Exercise description: An exact reproduction of the records is required, with all images left out.

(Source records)
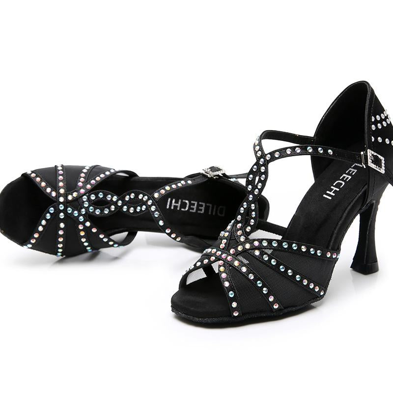 Women's Satin Customized Heel Ballroom Dance Shoes Latin Shoes
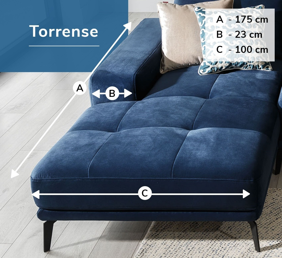Rohová sedacia súprava Torrense je vyrobená z kvalitných materiálov.Konštrukcia pohovky je vyrobená z kombinácie dreva a drevotriesky. Sedacia časť je vyrobená z kombinácie HR peny a kostí.Pohovka nie je rozkladacia. S taburetkou môžete vytvoriť plochu na spanie s rozmermi 215 x 140 cm.
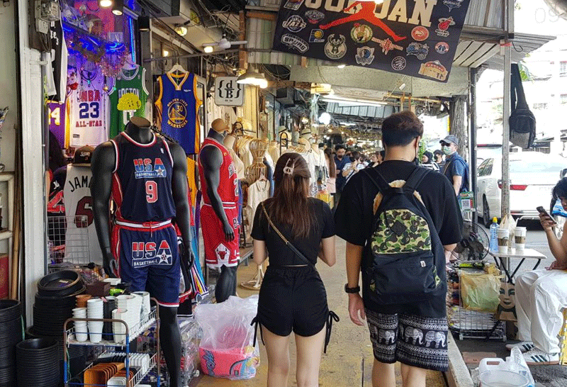 ตลาดนัดสวนจตุจักรนักท่องเที่ยวคึกคัก เดินเล่นเลือกซื้อสินค้าปกติช่วงวันหยุด มีป้ายภาษาจีนเพิ่มขึ้นหลังจีนเปิดประเทศ
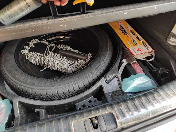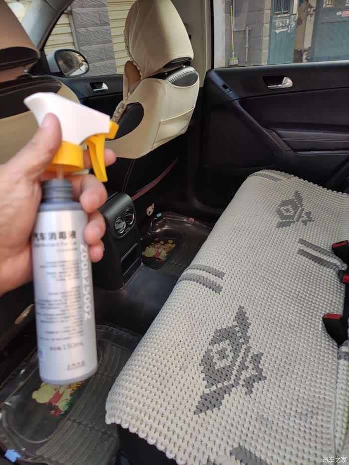 同时把车内和后备箱收拾干净和空调系统消毒一起进行。把车用消毒液装到带有喷头的喷壶中备用。接着启动发动机,打开空调的制冷系统,打开外循环,风量调到最大。用装有消毒液的喷壶对准空调进风口喷射消毒液。整瓶车用消毒液是150ML。按照要求空调系统消毒用消毒液90ml,车内和后备箱消毒60ml。也就是空调系统消毒喷总量的五分之三。接着把剩下的直接喷洒到车内和后备箱各个位置,包括车内各个角落和车顶部。特别是脚垫和后备箱垫的下面,比如放备用车胎的位置,我的三年都没有打开过了,还有脚垫下面的原车地垫,做到尽量不留死角。喷洒完成后关闭所有车窗半个小时以上,我因为是晚上开始的,所以准备密闭车窗一夜效果更好。空调系统消毒打开制冷系统十分钟左右就可以了,然后关闭发动机。整个消毒工作就大功告成了。
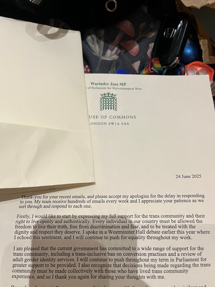 Sadly I didn’t get to speak to my MP but after my drive home this was waiting for me from him.
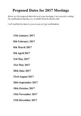 Below are the proposed dates for next years meetings, I am currently waiting

Task result:
 Women's Satin Customized Heel Ballroom Dance Shoes Latin Shoes
Rohová sedacia súprava Torrense je vyrobená z kvalitných materiálov.Konštrukcia pohovky je vyrobená z kombinácie dreva a drevotriesky. Sedacia časť je vyrobená z kombinácie HR peny a kostí.Pohovka nie je rozkladacia. S taburetkou môžete vytvoriť plochu na spanie s rozmermi 215 x 140 cm.
 ตลาดนัดสวนจตุจักรนักท่องเที่ยวคึกคัก เดินเล่นเลือกซื้อสินค้าปกติช่วงวันหยุด มีป้ายภาษาจีนเพิ่มขึ้นหลังจีนเปิดประเทศ
 同时把车内和后备箱收拾干净和空调系统消毒一起进行。把车用消毒液装到带有喷头的喷壶中备用。接着启动发动机,打开空调的制冷系统,打开外循环,风量调到最大。用装有消毒液的喷壶对准空调进风口喷射消毒液。整瓶车用消毒液是150ML。按照要求空调系统消毒用消毒液90ml,车内和后备箱消毒60ml。也就是空调系统消毒喷总量的五分之三。接着把剩下的直接喷洒到车内和后备箱各个位置,包括车内各个角落和车顶部。特别是脚垫和后备箱垫的下面,比如放备用车胎的位置,我的三年都没有打开过了,还有脚垫下面的原车地垫,做到尽量不留死角。喷洒完成后关闭所有车窗半个小时以上,我因为是晚上开始的,所以准备密闭车窗一夜效果更好。空调系统消毒打开制冷系统十分钟左右就可以了,然后关闭发动机。整个消毒工作就大功告成了。
 Sadly I didn’t get to speak to my MP but after my drive home this was waiting for me from him.
 Below are the proposed dates for next years meetings, I am currently waiting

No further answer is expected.